Resolving is relatively straight forward as long as only one selector has a context selector. When two selectors with context are resolved there is a combinatorial explosion like we're accustomed to seeing the Sass's @extend. But it's important to remember that these selectors are transitional and will be optimized away. They exist to provide a clean boundary between the optimizer and the block compiler, and to enable debugging the optimizer by being able to turn it off and see if the specificity based resolution disagrees with the optimized output in the browser.

Block Inheritance and the Resolver

Inheritance sets up a very specific model of resolution where the sub-block takes precedence over the base-block in any conflict. Since inheritance is implemented as a multiple class abstraction in the template these look like conflicts to the template analyzer, which doesn't have any knowledge of what a block is or what inheritance is. Also, since we can't guarantee the concatenation order of these two blocks when the CSS is ultimately delivered, the block compiler detects all style conflicts between the base and sub blocks and generates an override resolution in the sub-block for them. However, the inheritance resolution does not override states conflicts, that must be done by specifying the states in the inherited block.

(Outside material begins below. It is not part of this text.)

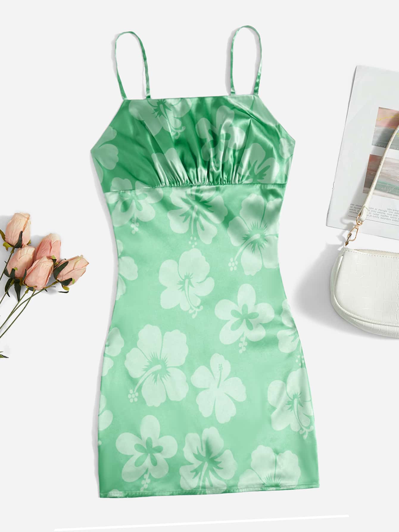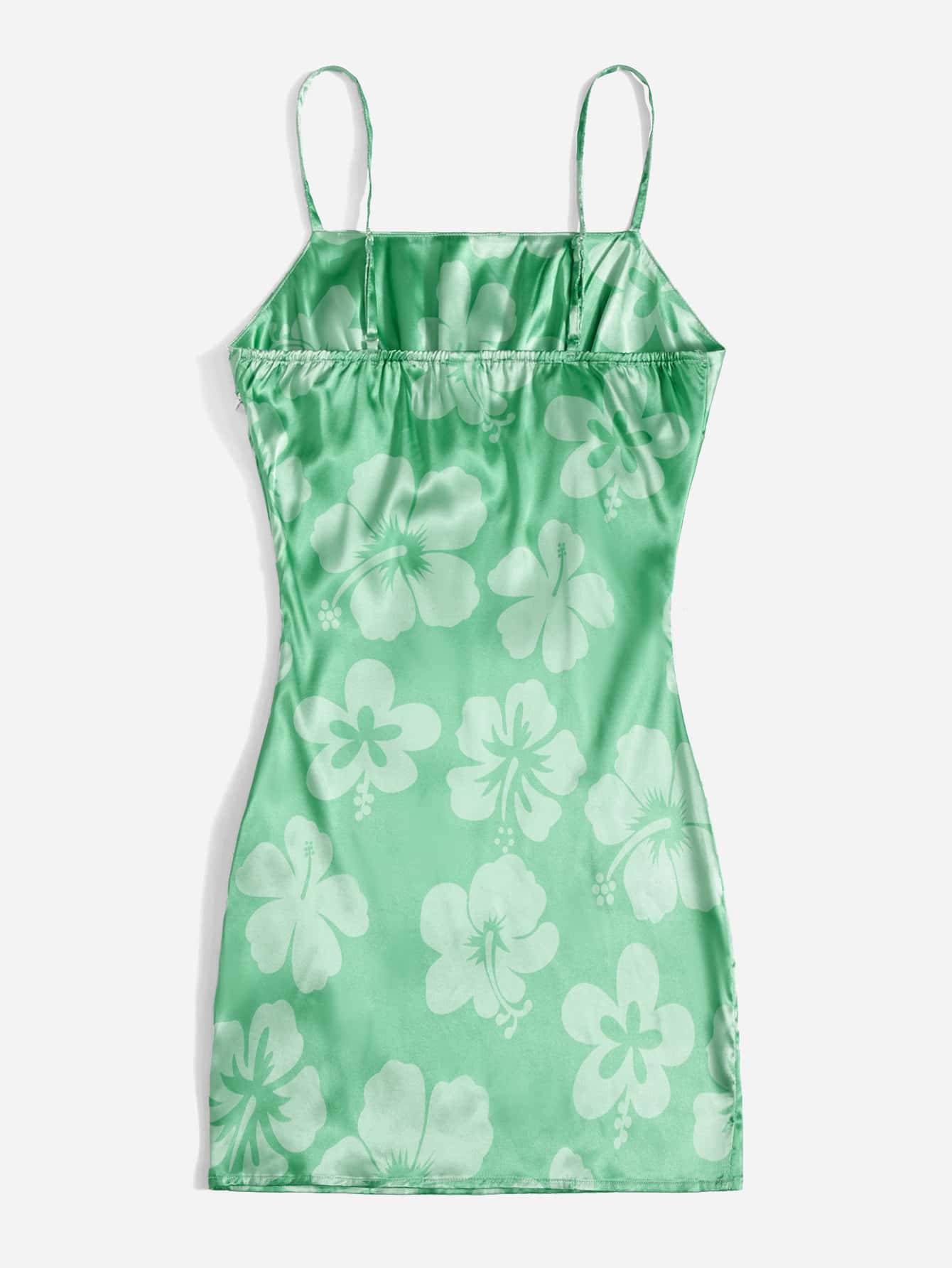 Robe à fines brides à imprimé floral à ruchés

Specifically for any property that has a conflict with the super block element of the same value in the key selector the following resolution is created:

@block-reference base from "./base.block.css";
.root { extends: base; }
.foo {
  color: resolve("base.foo");
  color: blue; // conflicts with color value(s) in a selector targeting base.foo
  color: resolve-all("base.foo");

Composing blocks by the consuming app

If a third-party library failed to consider a composition, or if two third-party libraries don't compose well, the app can provide it's own composition of the necessary styles as it's own class.

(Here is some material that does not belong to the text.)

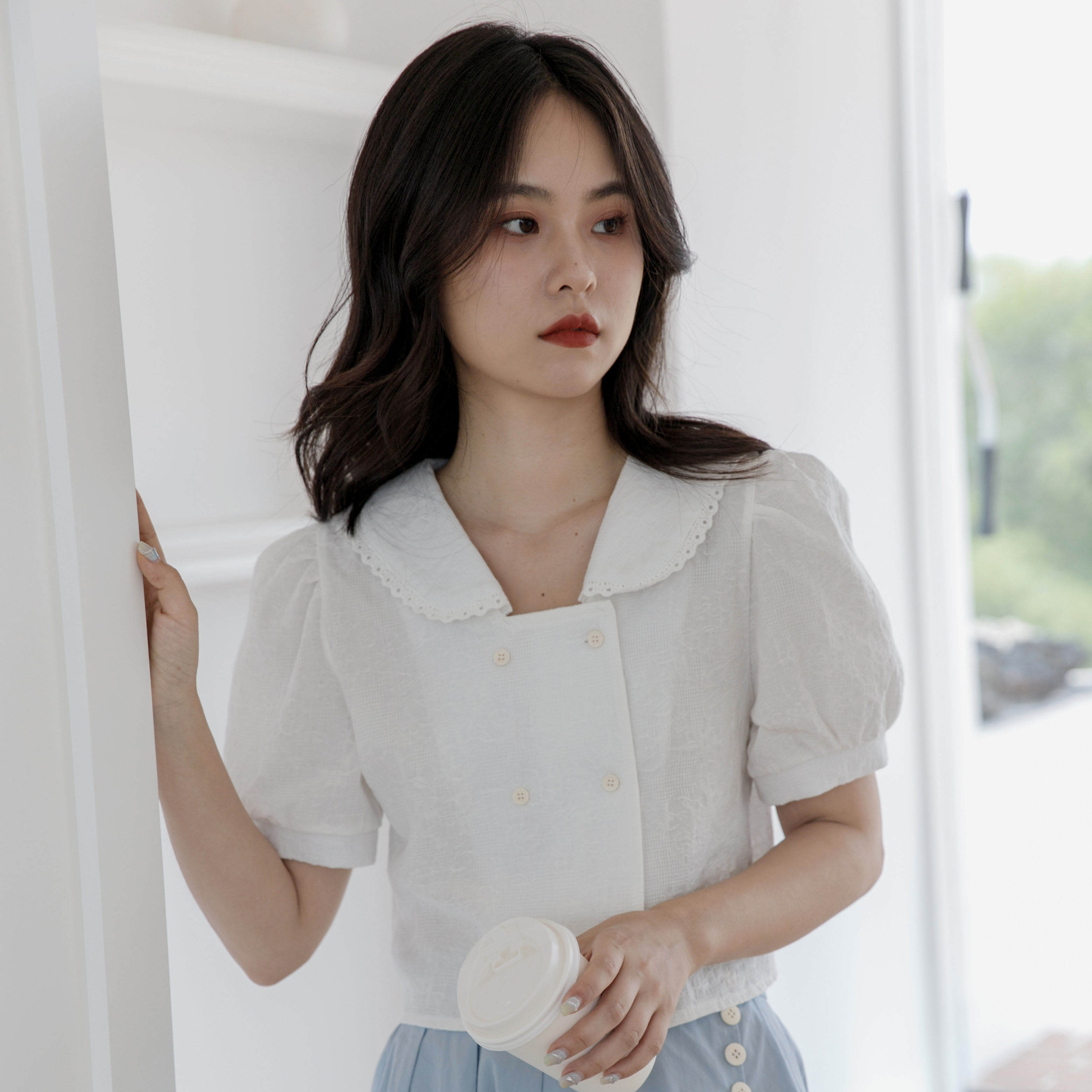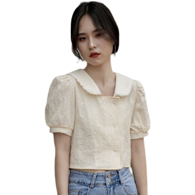 Свежая кукла, летняя двухрядная милая универсальная рубашка, рукава фонарики

File: navigation.block.scss

@block-reference super-grid-system from "super-grid-system.block.css";
@block-reference drop-down from "drop-down.block.css";

.profile {
  float: --unset;
  float: resolve("super-grid-system.span");

  width: --unset;
  width: resolve("super-grid-system.span", "drop-down.hoverable");

  margin: --unset;
  margin: resolve("drop-down.hoverable", "super-grid-system.span");

The --unset value means that the property won't be set in the output for that ruleset, but it allows a resolution to be provided. When multiple resolution targets are specified to the resolve function, the first one wins, but the generated selectors will be created to resolve all three classes on the same element. This satisfies the optimizer and the silences the conflict error.

Debugging a block

Often you may have a reference to a block but aren't sure what block objects are in its public interface. The @block-debug @-rule allows you to inspect the block's names and also see what classnames they compile to.

You must also tell the debug statement where to output the information.

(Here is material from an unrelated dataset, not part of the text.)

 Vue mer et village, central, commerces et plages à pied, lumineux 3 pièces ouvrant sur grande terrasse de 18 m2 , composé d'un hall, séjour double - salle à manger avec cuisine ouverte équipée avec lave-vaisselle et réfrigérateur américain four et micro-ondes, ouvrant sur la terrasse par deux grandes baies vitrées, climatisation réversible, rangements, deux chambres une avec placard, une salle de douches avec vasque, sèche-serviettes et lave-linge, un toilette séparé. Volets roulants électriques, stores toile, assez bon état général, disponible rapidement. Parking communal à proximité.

@block-debug <block-name> to (comment|stderr|stdout)


@block-reference icons from "../../shared/styles/icons/dark.block.css";
@block-debug icons to comment;

This might produce something like the following (when in BEM-compatible output mode):

/* Source: shared/styles/icons/dark.block.css
   Extends: shared/styles/icons/base.block.css
   .root => .dark .base
   [state|hoverable] => .base--hoverable
   [state|shade="gray"] => .dark--shade-gray
   [state|shade="red"] => .dark--shade-red
   [state|shade="blue"] => .dark--shade-blue
   .icon => .dark__icon .base__icon
   .new-file => .dark__new-file .base__new-file
   .save-file => .dark__save-file .base__save-file
   .rm-file => .dark__rm-file .base__rm-file */

File Naming

It's convention to name files with a dual extension of .block.css (or with the preprocessor extension of your choosing). This helps identify which CSS files are blocks and should be processed accordingly. CSS files that are not processed as blocks should not be optimized with the CSS block optimizer as it is likely to introduce cascade resolution problems.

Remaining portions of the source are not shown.